Sara Tavares – Acadêmica do 1º semestre de Relações Internacionais da Unama
A maternidade transcende fronteiras e culturas, moldando sociedades de maneiras profundas e complexas. As mães ao redor do mundo desempenham papéis-chave na construção e sustentação das comunidades locais, nacionais e globais e sua influência se manifesta em questões de justiça social, economia e política internacional. Em tempos de guerra, a maternidade assume um papel extraordinário. As mães lutam para salvar suas famílias em um ambiente de violência e incerteza enquanto o mundo vê os conflitos se desdobrarem. Elas enfrentam desafios impossíveis e desempenham funções que ultrapassam os limites do cuidado e da sobrevivência.

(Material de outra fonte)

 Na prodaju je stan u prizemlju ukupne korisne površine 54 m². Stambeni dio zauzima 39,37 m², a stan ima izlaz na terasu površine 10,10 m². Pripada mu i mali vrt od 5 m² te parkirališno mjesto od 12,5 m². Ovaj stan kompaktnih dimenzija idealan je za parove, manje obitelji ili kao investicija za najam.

A maternidade se torna não apenas um ato de resistência, mas também uma expressão poderosa de esperança e humanidade.
No livro “Bananas, Beaches and Bases: Making Feminist Sense of International Politics” (2014), Cynthia Enloe destaca como a militarização é profundamente enraizada em construções de gênero, refletindo e reforçando normas tradicionais de masculinidade. Enloe argumenta que as atividades militares e estratégias de segurança têm impactos específicos nas mulheres e nas relações de gênero em contextos globais, onde as mulheres frequentemente são relegadas a papéis secundários e estigmatizadas como dependentes, mesmo em situações de guerra, quando muitas vezes são responsáveis por sustentar suas famílias e comunidades, enfrentando desafios econômicos e sociais únicos em meio à instabilidade (ENLOE, 2014).

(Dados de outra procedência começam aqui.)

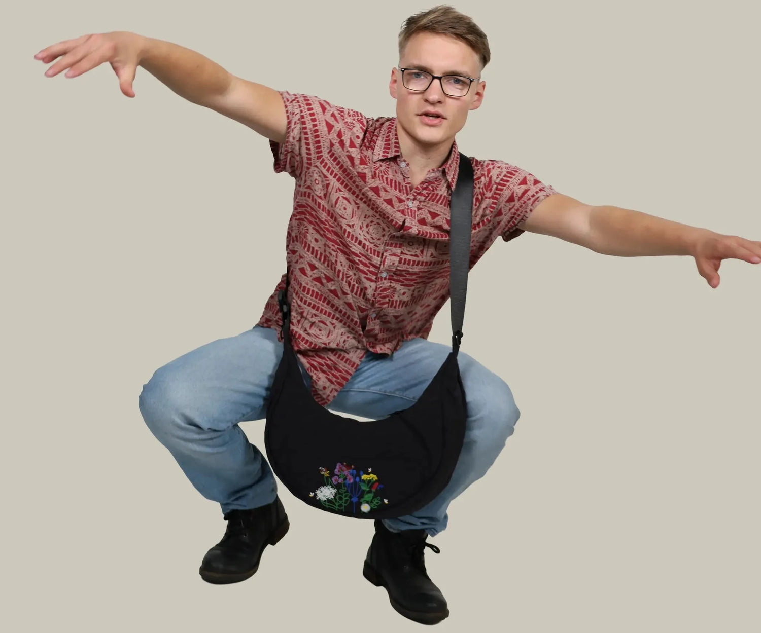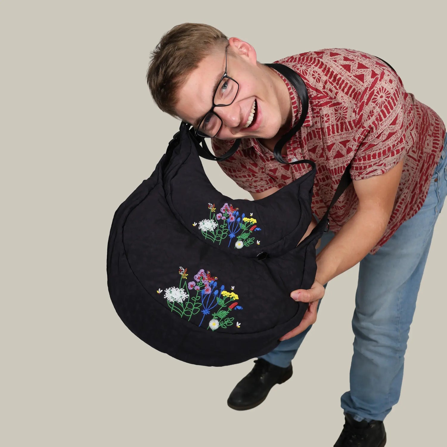 Moonbaq Mini (3L) & Moonbaq (9L) – unsere beliebten Halbmondtaschen in zwei Größen, verziert mit den Pflanzen, die Robinga liebt

Em muitos contextos de conflito armado, as mães se tornam agentes de resistência, lutando por justiça, igualdade e direitos humanos. Como as Abuelas de Plaza de Mayo, um grupo de avós que se organizaram em torno da maternidade e da avosidade para protestar contra uma ditadura brutal e os desaparecimentos forçados na Argentina, vestidas de lenços brancos. E que com esforços incansáveis e apoio estatal, judicial e da sociedade, conseguiram recuperar a identidade de mais de 130 desses netos (FOLHA DE S. PAULO, 2023). Suas experiências como cuidadoras e protetoras de suas famílias as motivam a se envolver ativamente na luta por um futuro mais seguro e justo para seus filhos e comunidades. Em Israel, o The Four Mothers é um dos movimentos de protesto anti-guerra mais bem-sucedidos da história tendo como um dos seus slogans “Nossos maridos estavam lutando nessa guerra enquanto nossos filhos ainda eram bebês. Não queremos que nossos netos ainda estejam lutando” (GODVIN, 2022), um posicionamento de grande impacto, principalmente “em uma sociedade como Israel, que glorifica a maternidade como um “papel público” para servir aos objetivos nacionais” (LEMISH; BARZEL, 2000, p.02).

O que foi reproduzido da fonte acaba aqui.